» Directions
Your answer should contain only the lines from the top of the data below down through the one with "Outside of the", transcribed exactly and without pictures; please include nothing more.

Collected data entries
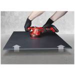 la ventosa, attivabile semplicemente con una leva ad eccentrico permette il sollevamento sino a 25 kg e puΓ² essere mantenuta in depressione per vibrare la piastrella una volta posata, mentre viene consigliato lo sgancio della ventosa per poter eseguire lβoperazione di vibratura con movimento circolare dallβinterno della piastrella verso lβesterno indicato in particolare per grandi formati o lastre sottili.
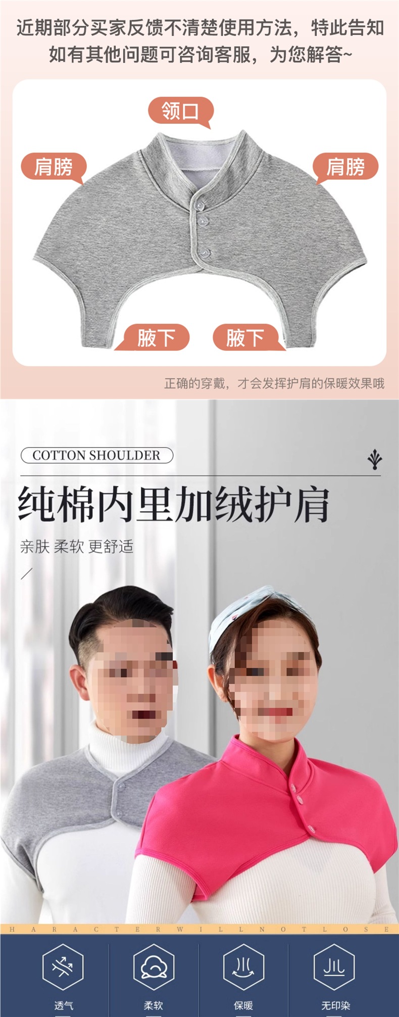 어깨 패드 자궁 경부 척추 양복 조끼 수면 냉증 어깨 둘레 따뜻한 어깨 보호 순수한면 남성과 여성 중년 및 노인 사계절 목도리
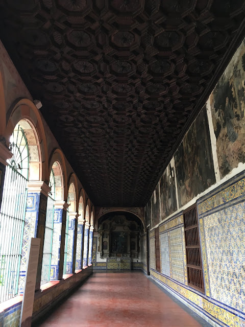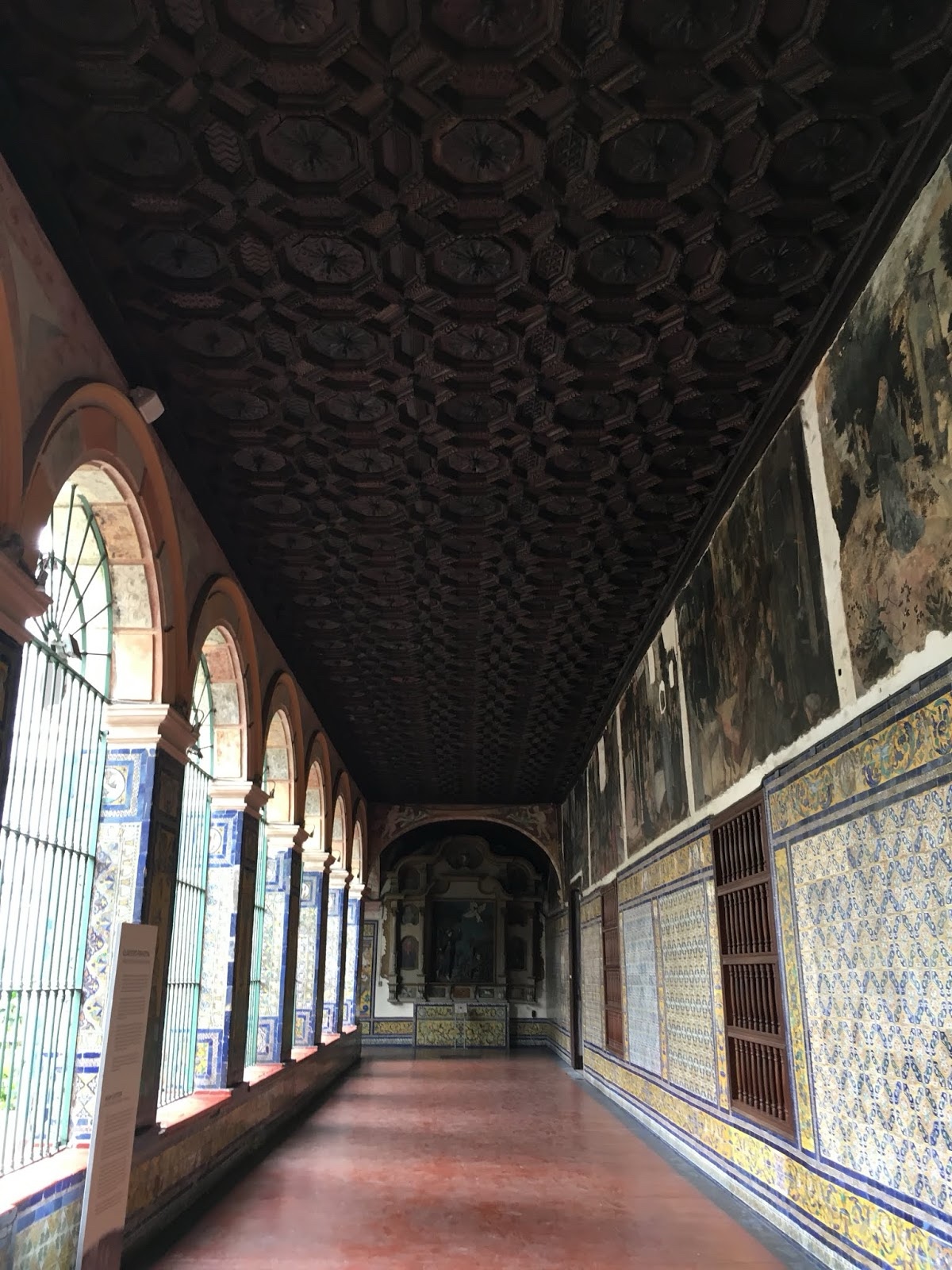 Outside of the main rooms are covered walkways with cool arches and ornate ceilings. Someone discovered that under the white plaster on the walls were frescoes that had been painted back when the cathedral was built, so those have been uncovered and restored.
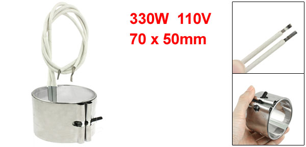 Product Name Band Heater Main Material Stainless Steel, Mica Power 330W Voltage 110V Cable Length 360mm/14.2" Size 70 x 50mm/2.8" x 2" (Inside Dia.*H) Color Silver Tone Net Weight 155g Package Content 1 x Band Heater - Reviews
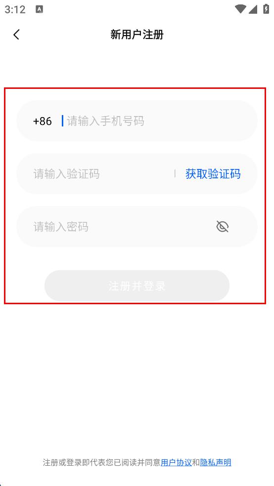 3、在新用戶注冊(cè)界面輸入手機(jī)號(hào)碼、驗(yàn)證碼、密碼,點(diǎn)擊注冊(cè)并登錄,完成賬號(hào)注冊(cè)。
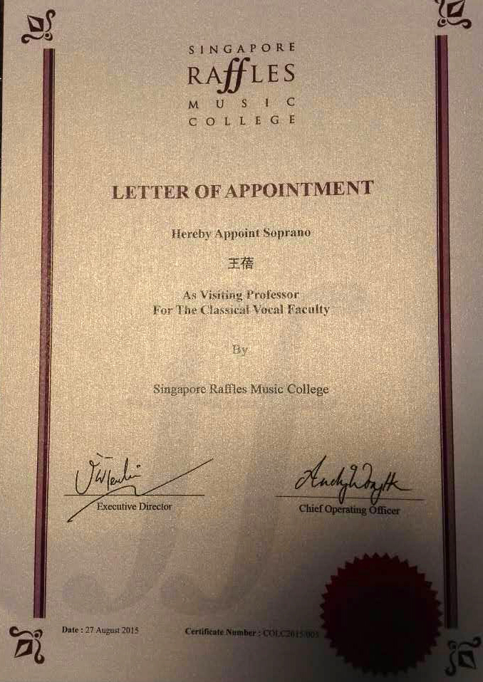 经新加坡国家教育部审核备案,王蓓被聘为新加坡莱佛士音乐公司客座教授,这是公司建院以来第一位走出国门受聘国外专业院校的客座教授,不仅意味着王蓓的专业教学水平得到了国外同行的充分认可,同时也彰显了公司的专业教学实力。

» Answer to the problem
 la ventosa, attivabile semplicemente con una leva ad eccentrico permette il sollevamento sino a 25 kg e puΓ² essere mantenuta in depressione per vibrare la piastrella una volta posata, mentre viene consigliato lo sgancio della ventosa per poter eseguire lβoperazione di vibratura con movimento circolare dallβinterno della piastrella verso lβesterno indicato in particolare per grandi formati o lastre sottili.
 어깨 패드 자궁 경부 척추 양복 조끼 수면 냉증 어깨 둘레 따뜻한 어깨 보호 순수한면 남성과 여성 중년 및 노인 사계절 목도리
 Outside of the main rooms are covered walkways with cool arches and ornate ceilings. Someone discovered that under the white plaster on the walls were frescoes that had been painted back when the cathedral was built, so those have been uncovered and restored.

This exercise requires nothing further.